Ellegaard J, Boesen A M
Scand J Haematol. 1976 Jul;17(1):36-43. doi: 10.1111/j.1600-0609.1976.tb02838.x.
A 71-year-old woman presented with acutely developed symptoms of generalized lymphadenopathy, intermittent maculo-papular skin rash, pruritus, weight loss, hepato-splenomegaly, pleural exsudate and alternating breast swellings. The histopathological picture of biopsies from a lymph node and from the skin was diagnostic for immunoblastic lymphadenopathy, and the serum concentrations of IgG and IgA were increased. Delayed cutaneous hypersensitivity reactions to various antigens were totally extinguished and the number of T-lymphocytes in the peripheral blood was consistently very low. The number of both T- and B-lymphocytes further decreased during cytostatic treatment and the patient contracted numerous infections. During intermittent treatment with Levamisole the infectious episodes ceased, the cellular immune response was reestablished and the pathological hyperimmuneglobulinaemia suppressed. It is suggested that the primary immunological defect in this disease could be a failing cellular immunity, and that the hyperplasia and hyper-reactivity of the B-cell system are a secondary phenomenon.

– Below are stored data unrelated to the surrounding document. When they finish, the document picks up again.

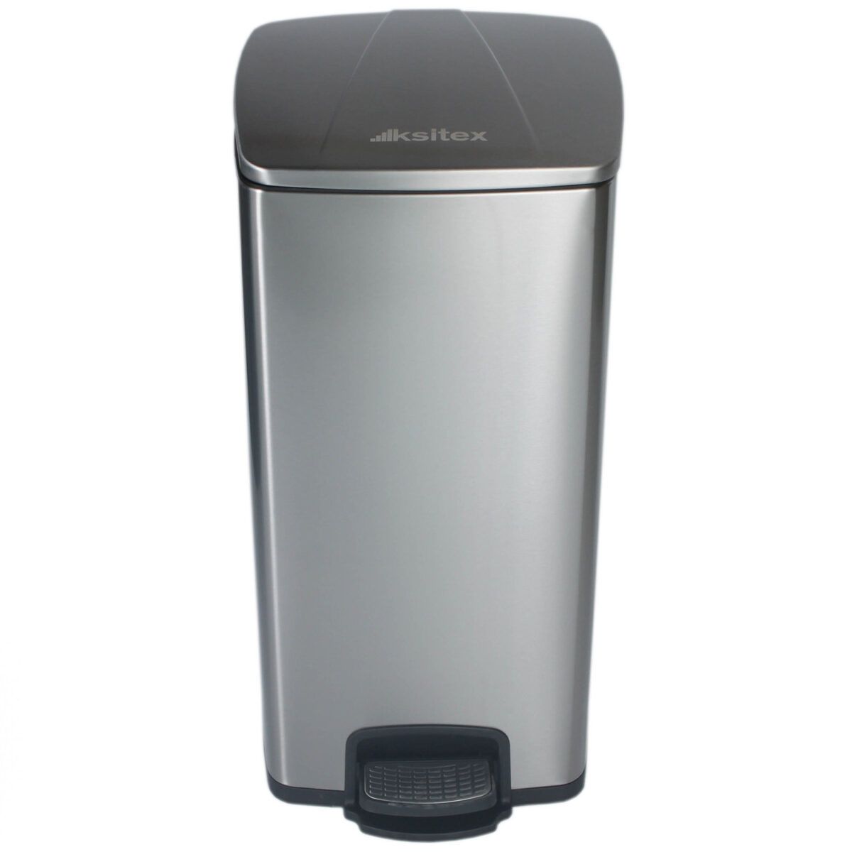 Крышка урны открывается при нажатии на педаль, без использования рук. Емкость урны составляет 30 литров. Внутри расположен черный пластиковый бак.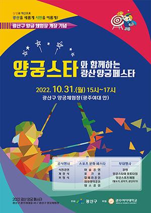 광산구(구청장 박병규)가 체험 관광 거점으로 조성한 양궁체험장 개장을 맞아 31일 광주여대 양궁훈련장에서 세계적인 양궁스타와 함께하는 ‘광산 양궁 축제’를 개최한다.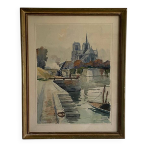 Aquarelle sur papier bateau ancré près d'un pont XIXe cadre doré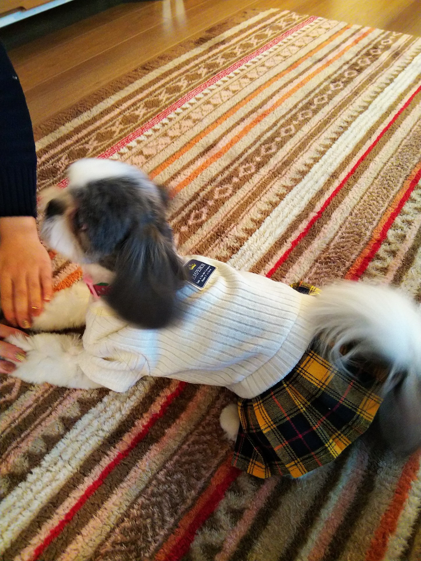 ★N様からのお便り こんばんは。 またまた前回の幸せ報告から2か月経過しました(ほんとあっという間に時が過ぎます(><))ので、近況報告をさせていただきます。 ≪りもちゃんの年末年始≫ お正月はきれいなりもちゃんでいてほしく、12月は年末ギリギリにトリミングサロンを予約したため、何だか真っ黒になってしまったりもちゃん(今年は雨が少ないので、どうしてもお散歩にいくとほこりで真っ黒になってしまいます) 自宅でシャンプーに初チャレンジ!! 鳴いたり騒いだりはしないのですが、ずっと震えていてかわいそうになってしまいました(りもちゃん、ごめんね(T T)) 年越しは家族と一緒にこたつで歌番組をまったり観て、元日は初もうでに行きました。 帰りは一駅だけ電車にもチャレンジ!とてもおとなしいので、近くにいたおばあさんに「生きてるの?」と聞かれてしまいました。←ぬいぐるみではありませんっ! 自宅では相変わらずはっちゃけてるりもちゃん。おもちゃで遊んではそのままおもちゃを枕に寝落ちzzz ←おもちゃ片付けようね。 また最近はスカートを好んで着せています。(せっかく女の子だし、先代犬は男の子だったので) 初売りでは犬用の福袋を購入。だいぶお洋服も増えてきました 桜の季節になったら、かわいいカッコをさせてお花見にでも行こうと思います♪ ではでは、毎日寒いので、お身体ご自愛ください。 ϵ( 'Θ' )϶ パピコメ ϵ( 'Θ' )϶ また長々と温めてしまいましたm(_ _)m それにしても、おこたを囲む写真を見たとき、 りもちゃんドコ!?って、、一瞬わからなかったけも、ちょこんと家族の一員してる後ろ姿を見て、ほっこりしました♡

一名71岁女性出现急性全身性淋巴结肿大、间歇性斑丘疹性皮疹、瘙痒、体重减轻、肝脾肿大、胸腔积液及交替性乳房肿胀等症状。取自淋巴结和皮肤活检的组织病理学图像诊断为免疫母细胞性淋巴结病,且血清IgG和IgA浓度升高。对各种抗原的迟发性皮肤过敏反应完全消失,外周血T淋巴细胞数量持续很低。在细胞抑制治疗期间,T淋巴细胞和B淋巴细胞数量进一步减少,患者发生了许多感染。在用左旋咪唑间歇治疗期间,感染发作停止,细胞免疫反应得以重建,病理性高免疫球蛋白血症得到抑制。提示该病的原发性免疫缺陷可能是细胞免疫功能衰竭,而B细胞系统的增生和高反应性是继发性现象。